#### WORK REQUIRED
Restate word for word the entries below, starting with the line with "Let me give" and continuing through the line with "6月7日,在北京師范大學(x". Include both of those lines and no others.

#### DATA SUPPLIED

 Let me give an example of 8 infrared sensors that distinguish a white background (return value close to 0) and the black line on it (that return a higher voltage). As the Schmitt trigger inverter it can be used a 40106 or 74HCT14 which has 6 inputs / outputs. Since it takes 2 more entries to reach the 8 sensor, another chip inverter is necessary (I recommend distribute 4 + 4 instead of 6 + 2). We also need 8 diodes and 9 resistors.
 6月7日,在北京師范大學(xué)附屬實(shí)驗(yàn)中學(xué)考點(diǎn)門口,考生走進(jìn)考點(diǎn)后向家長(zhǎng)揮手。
* * *
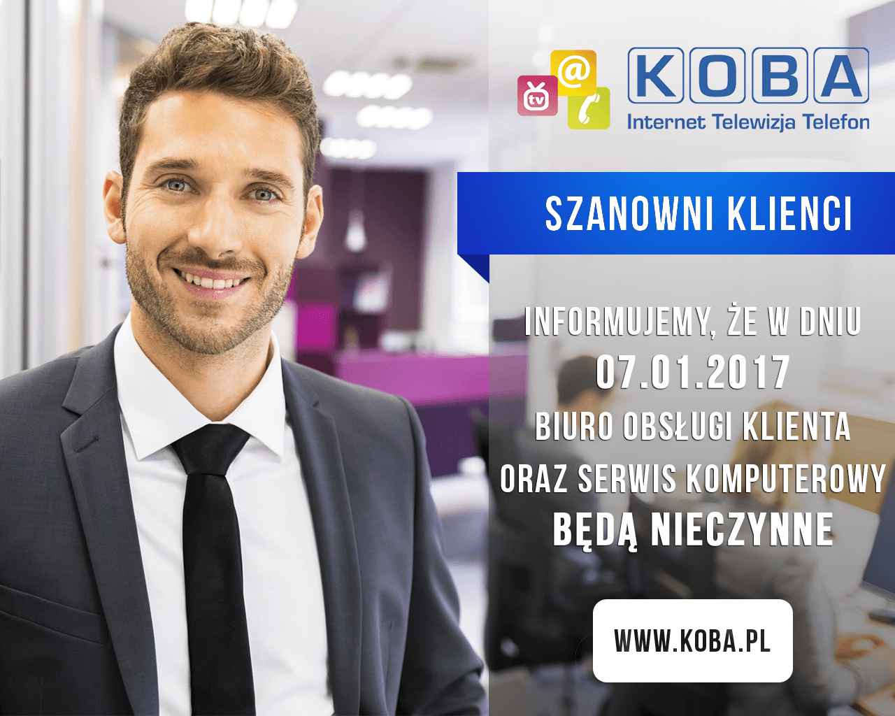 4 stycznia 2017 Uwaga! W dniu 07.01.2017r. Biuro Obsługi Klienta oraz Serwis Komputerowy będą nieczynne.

#### ANSWER TO THE PROBLEM
 Let me give an example of 8 infrared sensors that distinguish a white background (return value close to 0) and the black line on it (that return a higher voltage). As the Schmitt trigger inverter it can be used a 40106 or 74HCT14 which has 6 inputs / outputs. Since it takes 2 more entries to reach the 8 sensor, another chip inverter is necessary (I recommend distribute 4 + 4 instead of 6 + 2). We also need 8 diodes and 9 resistors.
 6月7日,在北京師范大學(xué)附屬實(shí)驗(yàn)中學(xué)考點(diǎn)門口,考生走進(jìn)考點(diǎn)后向家長(zhǎng)揮手。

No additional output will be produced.